The basic facts of America’s racial history, especially where it concerns people of African and indigeneous descent, call into question its alleged national and moral superiority which many political and religious conservatives claim. While there is much to praise in the progress the US has made towards equality and inclusion, racial and political violence against Black history has a long and persistent presence that must be examined and discussed in order to make progress.

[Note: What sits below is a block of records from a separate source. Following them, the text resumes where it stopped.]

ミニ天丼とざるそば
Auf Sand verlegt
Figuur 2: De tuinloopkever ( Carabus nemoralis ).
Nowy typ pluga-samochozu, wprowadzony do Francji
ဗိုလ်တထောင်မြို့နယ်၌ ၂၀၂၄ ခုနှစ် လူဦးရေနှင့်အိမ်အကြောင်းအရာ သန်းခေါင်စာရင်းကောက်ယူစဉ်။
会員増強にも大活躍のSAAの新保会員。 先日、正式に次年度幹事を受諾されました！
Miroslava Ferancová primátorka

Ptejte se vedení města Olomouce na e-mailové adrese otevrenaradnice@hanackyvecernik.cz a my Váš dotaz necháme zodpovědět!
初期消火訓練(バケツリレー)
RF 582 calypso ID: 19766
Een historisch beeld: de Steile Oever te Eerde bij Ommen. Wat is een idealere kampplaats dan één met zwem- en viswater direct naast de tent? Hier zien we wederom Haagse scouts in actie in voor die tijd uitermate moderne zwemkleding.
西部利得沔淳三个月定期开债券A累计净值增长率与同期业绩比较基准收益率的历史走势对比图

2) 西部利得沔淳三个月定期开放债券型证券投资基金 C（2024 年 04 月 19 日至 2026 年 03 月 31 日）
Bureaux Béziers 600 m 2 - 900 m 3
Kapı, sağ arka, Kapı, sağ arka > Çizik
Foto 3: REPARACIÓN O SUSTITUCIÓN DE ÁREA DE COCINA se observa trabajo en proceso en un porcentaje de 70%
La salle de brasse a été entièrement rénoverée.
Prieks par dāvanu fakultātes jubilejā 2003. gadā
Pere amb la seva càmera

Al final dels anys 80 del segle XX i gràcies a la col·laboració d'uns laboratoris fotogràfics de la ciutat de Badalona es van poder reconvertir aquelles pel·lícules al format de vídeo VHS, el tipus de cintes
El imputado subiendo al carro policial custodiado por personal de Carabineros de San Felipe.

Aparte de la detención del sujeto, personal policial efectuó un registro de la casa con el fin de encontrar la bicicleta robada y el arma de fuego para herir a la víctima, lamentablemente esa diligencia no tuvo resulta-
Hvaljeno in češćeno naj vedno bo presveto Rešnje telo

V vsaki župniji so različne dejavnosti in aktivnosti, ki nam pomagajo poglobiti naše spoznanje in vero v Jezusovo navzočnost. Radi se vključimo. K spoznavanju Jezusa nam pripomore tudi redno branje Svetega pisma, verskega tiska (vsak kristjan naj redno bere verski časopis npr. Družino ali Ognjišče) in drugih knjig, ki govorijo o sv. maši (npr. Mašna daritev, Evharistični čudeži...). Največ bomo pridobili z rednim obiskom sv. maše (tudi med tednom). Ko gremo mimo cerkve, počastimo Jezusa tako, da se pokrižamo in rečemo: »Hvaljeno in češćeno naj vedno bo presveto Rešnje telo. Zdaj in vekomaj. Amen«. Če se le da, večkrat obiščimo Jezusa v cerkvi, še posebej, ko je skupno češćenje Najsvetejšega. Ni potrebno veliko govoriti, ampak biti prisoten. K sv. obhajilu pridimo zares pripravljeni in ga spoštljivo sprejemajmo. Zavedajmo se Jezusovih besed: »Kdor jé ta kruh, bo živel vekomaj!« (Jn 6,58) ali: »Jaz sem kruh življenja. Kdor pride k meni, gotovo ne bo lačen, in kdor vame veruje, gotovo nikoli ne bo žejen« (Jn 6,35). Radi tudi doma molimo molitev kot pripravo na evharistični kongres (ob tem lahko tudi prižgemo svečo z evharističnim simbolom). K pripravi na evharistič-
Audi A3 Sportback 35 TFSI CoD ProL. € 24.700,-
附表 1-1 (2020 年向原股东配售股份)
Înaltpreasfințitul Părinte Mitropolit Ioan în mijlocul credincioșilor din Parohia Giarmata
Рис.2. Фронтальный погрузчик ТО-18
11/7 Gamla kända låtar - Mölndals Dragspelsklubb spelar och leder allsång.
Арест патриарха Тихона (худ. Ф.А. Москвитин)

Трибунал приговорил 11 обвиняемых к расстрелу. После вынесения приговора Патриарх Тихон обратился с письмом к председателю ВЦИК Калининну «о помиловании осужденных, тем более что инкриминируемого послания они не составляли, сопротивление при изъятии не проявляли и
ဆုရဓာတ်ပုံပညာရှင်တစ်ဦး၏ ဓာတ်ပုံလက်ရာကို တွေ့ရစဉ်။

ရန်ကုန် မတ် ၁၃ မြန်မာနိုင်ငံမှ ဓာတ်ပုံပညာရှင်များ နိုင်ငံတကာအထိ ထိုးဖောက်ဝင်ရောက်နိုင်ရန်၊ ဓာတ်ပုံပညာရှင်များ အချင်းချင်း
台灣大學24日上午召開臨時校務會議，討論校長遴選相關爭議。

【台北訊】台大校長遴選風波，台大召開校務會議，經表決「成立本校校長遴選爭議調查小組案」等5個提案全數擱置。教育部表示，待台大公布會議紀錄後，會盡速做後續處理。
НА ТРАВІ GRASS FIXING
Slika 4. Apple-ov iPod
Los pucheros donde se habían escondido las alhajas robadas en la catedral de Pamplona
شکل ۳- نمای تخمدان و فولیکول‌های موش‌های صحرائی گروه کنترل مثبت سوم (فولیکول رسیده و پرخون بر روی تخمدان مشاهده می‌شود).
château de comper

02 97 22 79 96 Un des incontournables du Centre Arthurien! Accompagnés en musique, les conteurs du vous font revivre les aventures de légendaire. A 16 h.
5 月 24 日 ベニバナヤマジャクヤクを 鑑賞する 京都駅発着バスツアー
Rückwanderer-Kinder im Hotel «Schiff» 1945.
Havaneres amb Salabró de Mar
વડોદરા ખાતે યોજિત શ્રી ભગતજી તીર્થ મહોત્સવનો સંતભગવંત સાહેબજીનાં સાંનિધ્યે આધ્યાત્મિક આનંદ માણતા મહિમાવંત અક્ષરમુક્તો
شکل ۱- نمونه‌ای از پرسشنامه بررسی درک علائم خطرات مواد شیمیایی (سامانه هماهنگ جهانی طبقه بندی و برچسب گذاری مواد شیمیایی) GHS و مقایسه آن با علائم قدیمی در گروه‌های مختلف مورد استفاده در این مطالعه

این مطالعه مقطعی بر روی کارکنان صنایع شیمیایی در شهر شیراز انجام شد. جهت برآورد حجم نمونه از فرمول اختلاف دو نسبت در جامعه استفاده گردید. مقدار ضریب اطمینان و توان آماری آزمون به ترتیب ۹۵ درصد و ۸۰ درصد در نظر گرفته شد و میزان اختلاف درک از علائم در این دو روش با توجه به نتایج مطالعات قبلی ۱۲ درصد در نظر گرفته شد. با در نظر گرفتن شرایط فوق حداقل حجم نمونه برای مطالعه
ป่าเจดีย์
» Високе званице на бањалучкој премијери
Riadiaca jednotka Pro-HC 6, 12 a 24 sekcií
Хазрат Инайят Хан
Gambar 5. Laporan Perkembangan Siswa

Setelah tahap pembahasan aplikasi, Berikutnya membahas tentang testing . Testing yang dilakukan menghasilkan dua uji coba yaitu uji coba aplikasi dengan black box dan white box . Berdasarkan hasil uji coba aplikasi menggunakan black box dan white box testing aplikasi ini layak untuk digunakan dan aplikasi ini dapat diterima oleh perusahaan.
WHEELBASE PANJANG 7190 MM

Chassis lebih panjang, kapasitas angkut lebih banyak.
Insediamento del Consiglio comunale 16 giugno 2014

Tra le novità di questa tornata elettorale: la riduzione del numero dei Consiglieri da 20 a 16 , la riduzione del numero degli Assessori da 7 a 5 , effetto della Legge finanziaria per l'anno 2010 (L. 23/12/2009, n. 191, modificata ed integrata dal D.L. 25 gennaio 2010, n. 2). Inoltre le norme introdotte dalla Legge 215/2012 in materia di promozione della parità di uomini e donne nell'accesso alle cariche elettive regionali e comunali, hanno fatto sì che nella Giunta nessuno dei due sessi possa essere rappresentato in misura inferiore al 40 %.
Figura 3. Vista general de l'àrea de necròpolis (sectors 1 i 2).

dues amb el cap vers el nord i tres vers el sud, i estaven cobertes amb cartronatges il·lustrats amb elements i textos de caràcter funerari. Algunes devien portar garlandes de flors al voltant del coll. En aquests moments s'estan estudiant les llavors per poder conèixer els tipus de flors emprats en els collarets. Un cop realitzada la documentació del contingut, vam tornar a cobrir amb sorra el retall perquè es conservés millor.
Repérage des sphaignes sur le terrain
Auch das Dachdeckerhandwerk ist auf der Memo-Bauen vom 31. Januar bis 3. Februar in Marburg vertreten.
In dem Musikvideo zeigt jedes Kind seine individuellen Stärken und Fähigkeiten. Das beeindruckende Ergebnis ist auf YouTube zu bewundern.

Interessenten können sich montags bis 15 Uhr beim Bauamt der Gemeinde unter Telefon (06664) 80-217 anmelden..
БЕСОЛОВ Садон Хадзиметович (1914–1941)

As is the case most often, the cure lies in understanding the disease itself. Critical Race Theory is a legitimate field of study established by generations of brilliant scholars of color who have decoded the practice of systemic racism that has been insidiously encoded into the nation’s legal system. Ironically, their studies have not only named but predicted the current onslaught of policy violence in which DeSantis is currently engaged. It would be trite to say what’s old is new again when it’s clear that what’s old never really went away in the first place.